Aggiornamento: 4 dic 2022

Frontiera, Confine
Fig.1: Manifestazione a Ceuta, 7 febbraio 2015 (meltigpot)

1. Introduzione


La Spagna è il Paese europeo geograficamente più vicino all’Africa. Infatti, nello Stretto di Gibilterra, le coste andaluse e quelle marocchine sono distanti appena 14 chilometri. Inoltre, nel nord del Marocco sono presenti due città spagnole, Ceuta e Melilla, che hanno la peculiarità di essere le uniche frontiere terrestri dell’Unione Europea nel continente africano.


La Spagna è meta da anni di un flusso costante di arrivi dall’Africa, soprattutto da Marocco, Algeria e da alcuni Paesi dell’Africa Occidentale. Tuttavia, nonostante la sua posizione strategica, le rotte per arrivare nel territorio spagnolo non sono le più percorse dai migranti che vogliono raggiungere l’Unione Europea. Infatti, la rotta più utilizzata dai migranti per raggiungere l’Europa partendo dall’Africa è quella del Mediterraneo centrale, ovvero dalla Libia verso l’Italia.

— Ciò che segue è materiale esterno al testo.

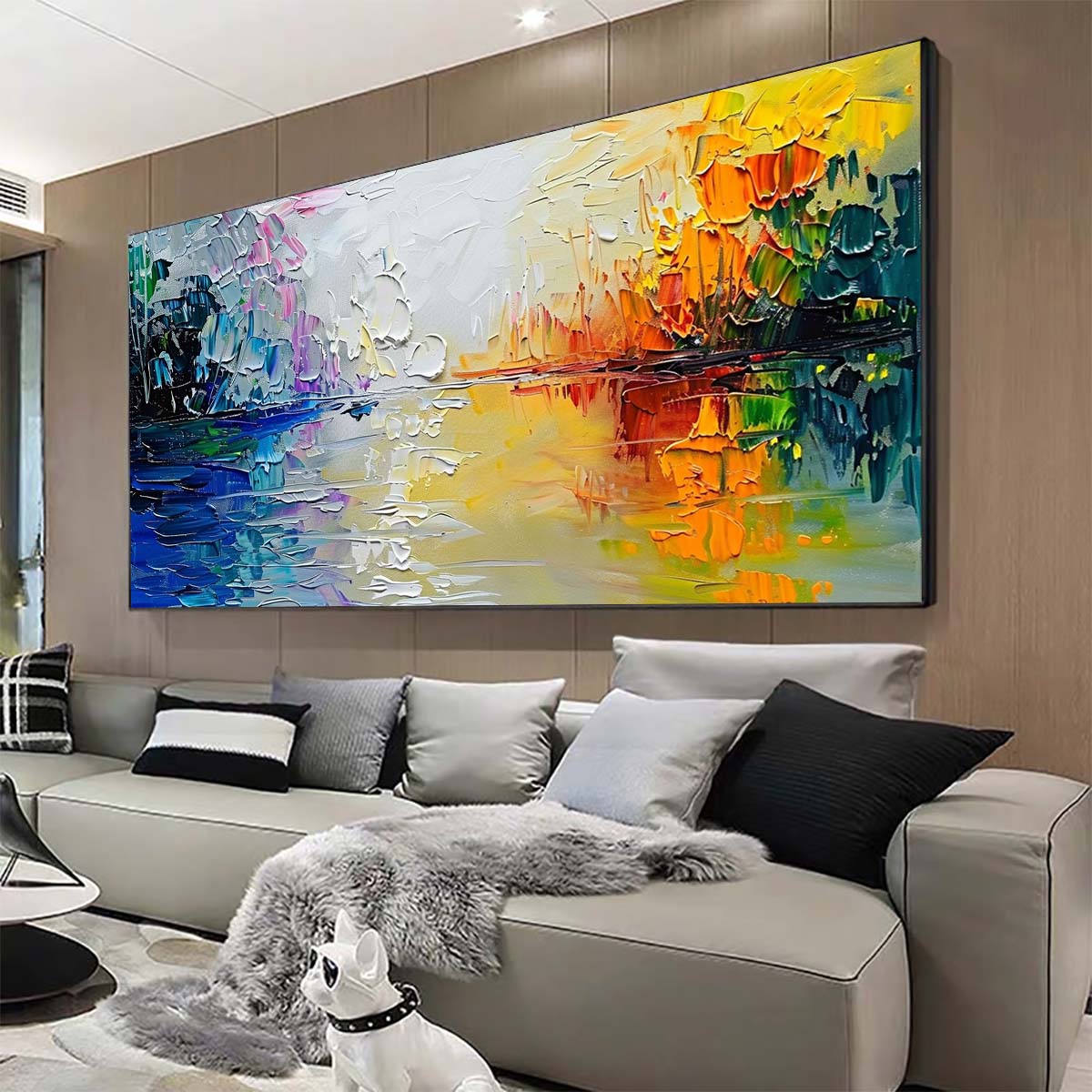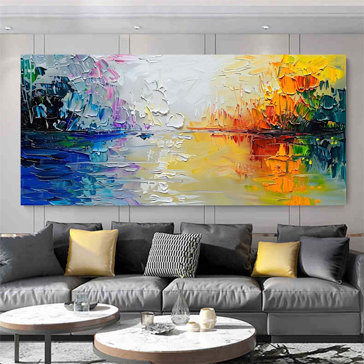A new type of Abstract Wall Painting. a living room wall art, a hand-painted heavy textured impasto painting painted by our most noble artists. All images are painted by palette knife, so they will leave the canvas surface and look very vivid. I hope this beautiful and vivid acrylic painting with heavy texture can provide a very beautiful decoration for your walls.
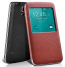 The Premium Real Leather S-View Case for Galaxy S5 protects the smartphone's screen when it is not in use, and it is easily flipped open for full access to the screen. The back cover provides a seamless replacement for the original battery cover and features a rubber seal to maintain the Galaxy S 5's water resistance. When closed, the S-View cover offers instant access to critical features. View the home screen to check the time, weather and other status items. Accept or reject incoming calls with just a swipe, or reject calls with a preset message. If you miss anything, notifications are shown in the recent activity menu of your S-View cover unless phone security settings are activated. Swipe left to quickly access your phone's camera without opening the cover
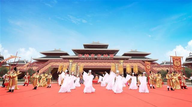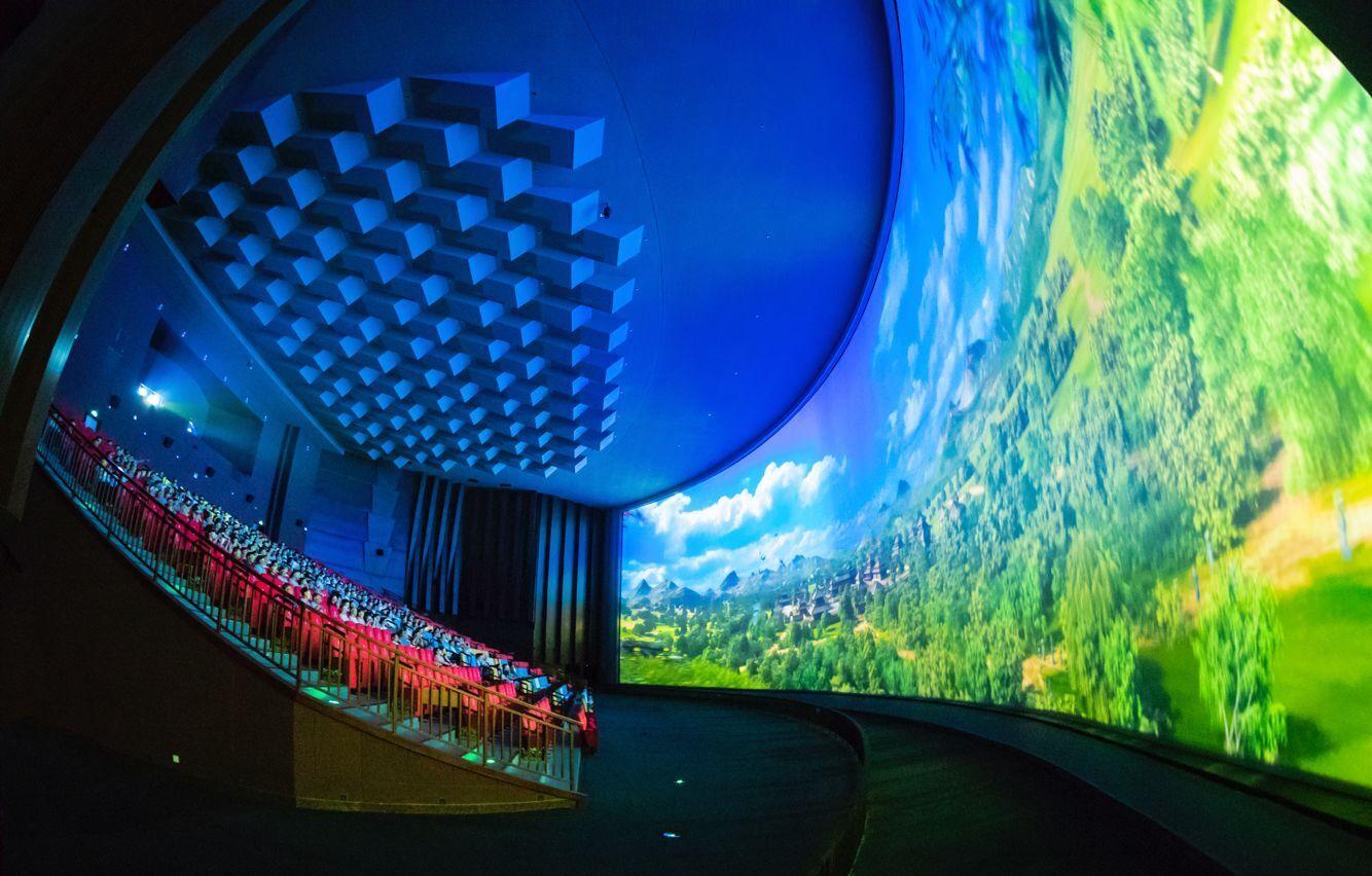 发布会现场,观众提前感受了根据传统文化创新演绎的大型情景项目《朝钟暮鼓》,以及由大量实景特效与立体影像相结合的大型主题游乐项目。比如,高15米、长56米、总面积840平方米的超级巨幕立体影院《九州神韵》,通过比高清电影还清晰8倍的大银幕,让大家穿越千年历史,徜徉在璀璨的华夏文明长河中。
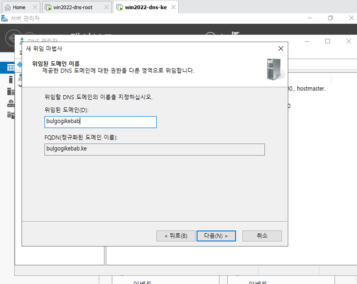 - VMWare에서 Delegated DNS(dns-ke)를 하나 만든다.
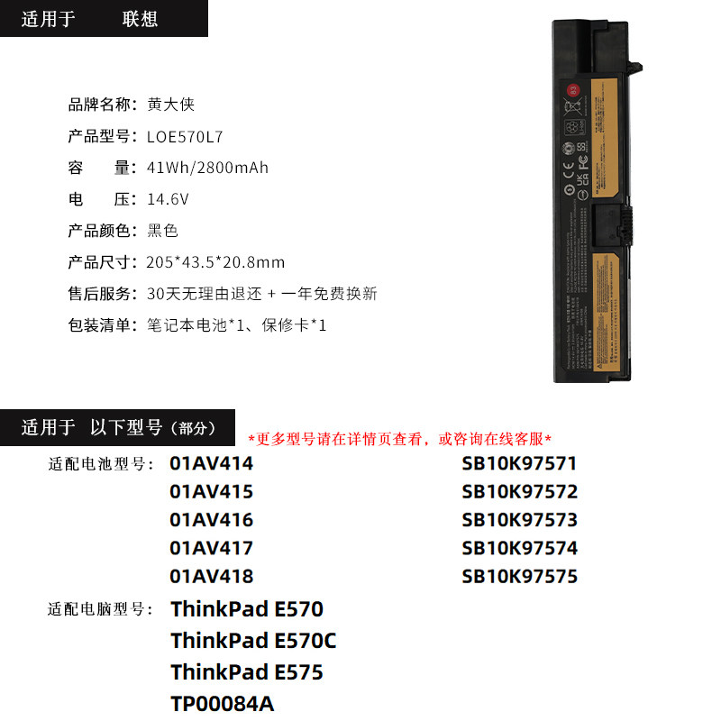 Suitable for Lenovo E570 E570 E570C E575 01AV417 TP00084A TP00084A 01AV4 01AV4

Le rotte migratorie che vanno dal continente africano alla Spagna si dividono principalmente in due vie: la rotta del Mediterraneo Occidentale e la rotta dell’Africa Occidentale, detta anche rotta atlantica.

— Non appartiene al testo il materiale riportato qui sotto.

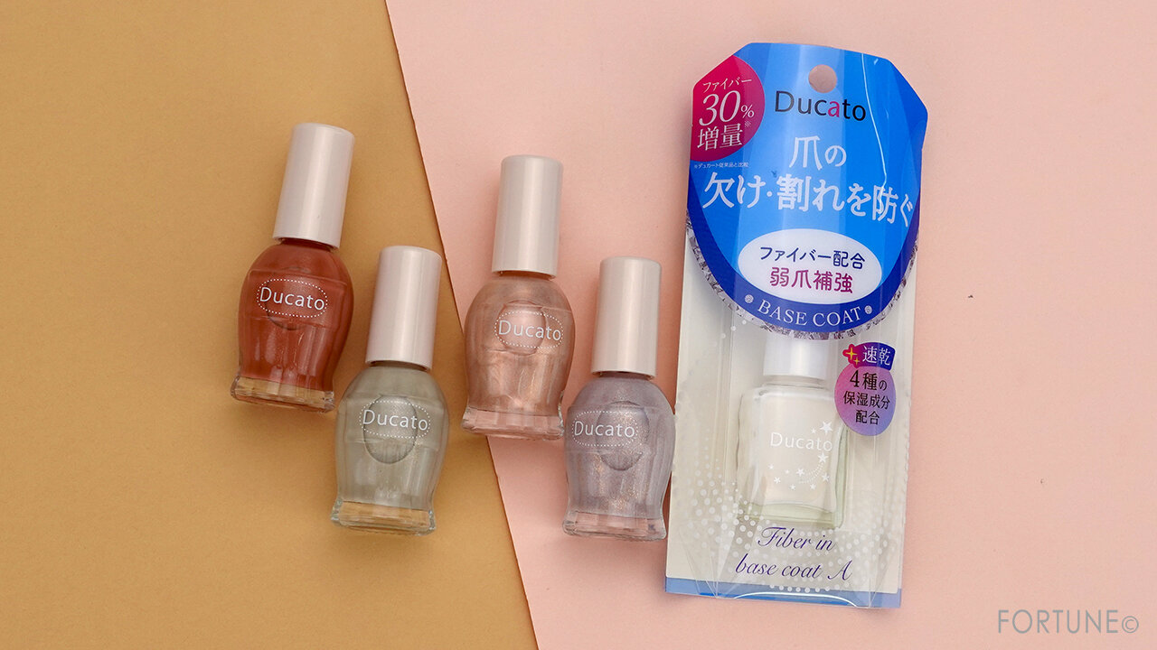 【Ducato(デュカート)】の冬限定カラー、『デュカート ナチュラルネイルカラー N』と爪をいたわり、ネイルカラーの発色を上げる『デュカート ファイバーインベースコー A』はこの秋冬に爪をやさしく、そして美しく彩ること間違いなしです。
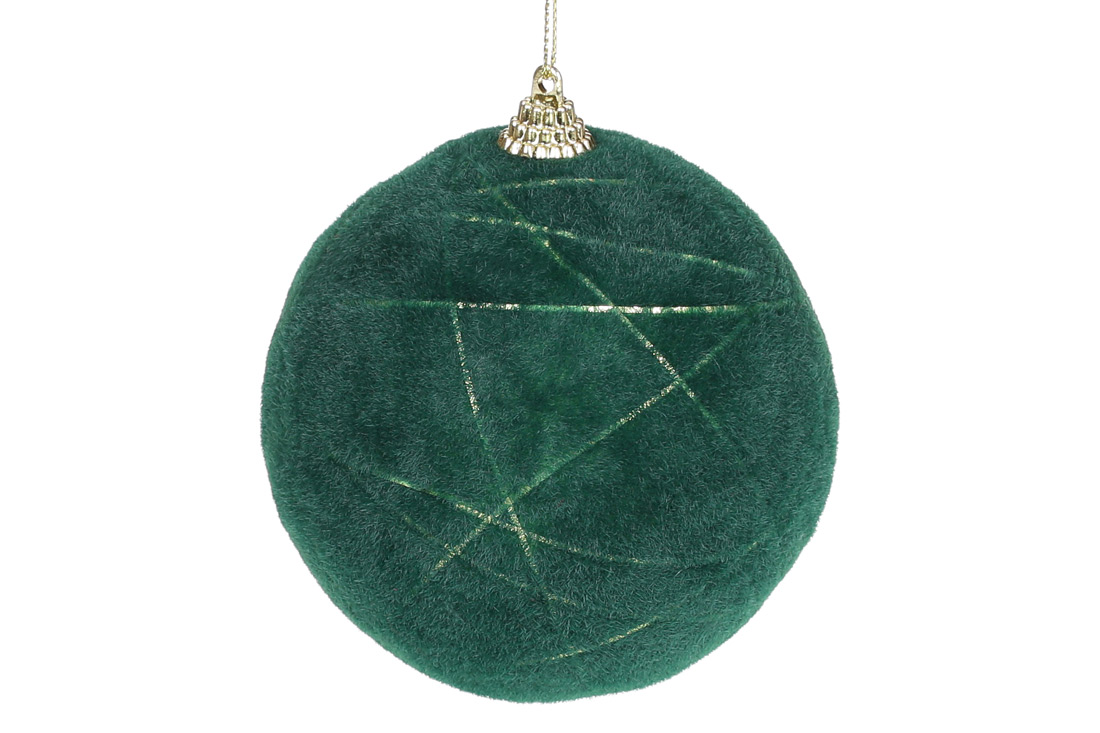 Ялинкова куля оксамитова із золотою ниткою 10см, колір - глибокий зелений

2. La rotta del Mediterraneo Occidentale


La rotta del Mediterraneo Occidentale fa riferimento agli arrivi irregolari in Spagna, sia nelle città autonome spagnole di Ceuta e Melilla nell’Africa settentrionale, sia attraverso il Mediterraneo verso la Spagna continentale e le Isole Baleari. La maggior parte dei migranti che sceglie questa rotta viene dal Marocco, dall’Algeria e da alcuni Paesi dell’Africa Occidentale.

Rotte Migratorie
Fig.2: Rotte migratorie dal Marocco e dall’Algeria verso la Spagna attraverso il mar Mediterraneo (Save the Children)

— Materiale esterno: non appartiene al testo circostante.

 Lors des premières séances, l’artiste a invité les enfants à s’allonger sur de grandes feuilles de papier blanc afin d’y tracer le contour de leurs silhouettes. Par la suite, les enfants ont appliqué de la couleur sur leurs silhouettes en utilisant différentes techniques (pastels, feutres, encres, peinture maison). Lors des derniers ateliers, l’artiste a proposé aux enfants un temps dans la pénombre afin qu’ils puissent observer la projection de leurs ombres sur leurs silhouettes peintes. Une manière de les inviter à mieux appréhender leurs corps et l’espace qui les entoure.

Sono tre le vie principali: due per mare, una attraverso lo Stretto di Gibilterra partendo dalle coste marocchine e l'altra attraverso il Mare di Alboran con partenza dall'Algeria; e una via terra lungo la quale migliaia di migranti tentano ogni anno di scavalcare le barriere che separano il Marocco da Ceuta e Melilla.


La rotta marittima che collega l’Africa alla Spagna è stata attraversata da un flusso costante di migranti negli anni Duemila con un notevole aumento del numero di arrivi a partire dal 2017, confermato negli anni successivi e soprattutto nel 2018, quando la rotta del Mediterraneo Occidentale è stata la rotta marittima maggiormente utilizzata per raggiungere l’Europa con 55,900 arrivi.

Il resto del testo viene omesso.